Egypt recorded its highest-ever primary surplus of EGP 629 bn — 3.6% of GDP — in the fiscal year 2024-2025, up 80% y-o-y, the finance minister previously said. Meanwhile, the budget deficit expanded to EGP 1.2 tn last fiscal year, compared to EGP 505 bn in FY 2023-24, which had fallen on the back of the Ras El Hekma agreement.
Money in. Money out. Total revenues rose 29.0% y-o-y during the fiscal year to EGP 2.6 tn, driven by a 35.3% y-o-y jump in tax revenues, which hit EGP 2.2 tn, which Kouchouk had previously attributed to tax measures introduced to widen the tax base and create a more efficient tax system. Spending increased at a slower pace, growing by 16.3% y-o-y to come in at EGP 3.9 tn. Both figures line up with those targeted in the draft budget for the year.

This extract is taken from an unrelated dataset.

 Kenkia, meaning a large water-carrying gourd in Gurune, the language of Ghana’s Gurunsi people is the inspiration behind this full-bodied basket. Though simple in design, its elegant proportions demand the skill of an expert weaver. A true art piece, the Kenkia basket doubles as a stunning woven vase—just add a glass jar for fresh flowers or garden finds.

Social support took up a chunk of the year’s expenditure: Social security spending rose 12% y-o-y to EGP 642 bn. The Madbouly government spent EGP 165.4 bn (+24% y-o-y) on food subsidies, EGP 43.2 bn (+22.8% y-o-y) on social security programs, including Takaful and Karam, and EGP 142.7 bn (+5.8% y-o-y) on pensions.
Where did the rest of the money go? The government allocated EGP 440 bn to secure the energy needs and pay back arrears owed to international oil companies during the 12-month period. Another EGP 73.4 bn went to the Unified Procurement Authority — marking a 92.4% y-o-y increase — to help settle its overdue payments to pharma companies.

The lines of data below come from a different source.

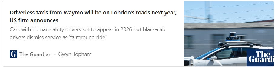 Waymo robotaxis should hit London’s streets next year. I have strong opinions about this. On one hand, I enjoy the feeling of driving; on the other, public transportation is more efficient. Instead of robotaxis, we need more robo-public-transit.
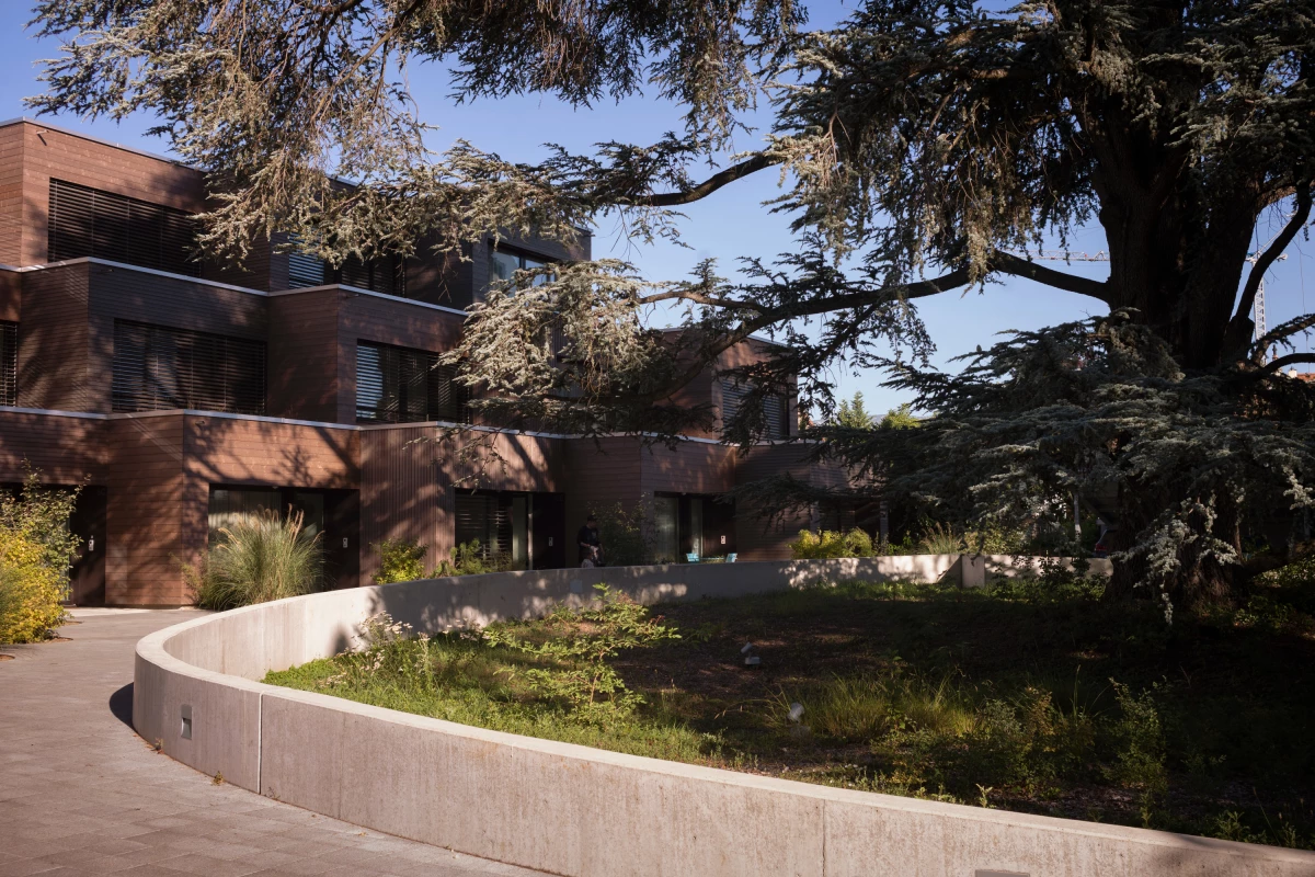 Centré autour d’un cèdre centenaire, Cedar Housing raconte l’histoire de cabanes perchées dans les arbres. La forme du bâtiment épouse la ceinture végétale semi-circulaire définie par la couronne de l’arbre. Avec son architecture d’immeuble à gradins, l’ensemble rappelle un amphithéâtre. La cour qui englobe l’arbre est lieu de partage, regroupant toutes les activités en collectivité. Si cette face du bâti privilégie le vivre ensemble, c’est à l’inverse la privacité qui est à l’honneur côté jardin, grâce aux plis et redents de la façade.
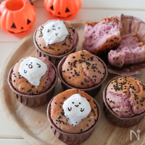 ハロウィン 紫芋のパンプキンマフィン。

IN CONTEXT- The government had pledged that the summer of 2025 will not see the comeback of rolling blackouts. To that end, the state booked in LNG shipments — and the necessary infrastructure to process the deliveries — to close the gap between demand and supply. As for the spending on arrears, we reported in February that the government is planning to clear all arrears owed to international oil companies by the end of 2025 in a bid to see international oil companies commit new investments, enhance exploration efforts, and increase extraction rates, with the aim of boosting local production.
ALSO- The state spent EGP 18 bn on the export support program and on overdue export subsidy payment. Another EGP 14.3 bn was spent to support the industrial and agricultural sectors during the fiscal year and some EGP 94 bn were earmarked for guarantees for transport, trade and tourism projects.
LOOKING AHEAD-
The second package of tax facilities is upon us: The second package of tax relief measures will be opened up for community dialogue in October, Kouchouk said, with the package to be rolled out “very soon” pending parliamentary approval of some aspects. The first package of tax facilities was issued earlier this year.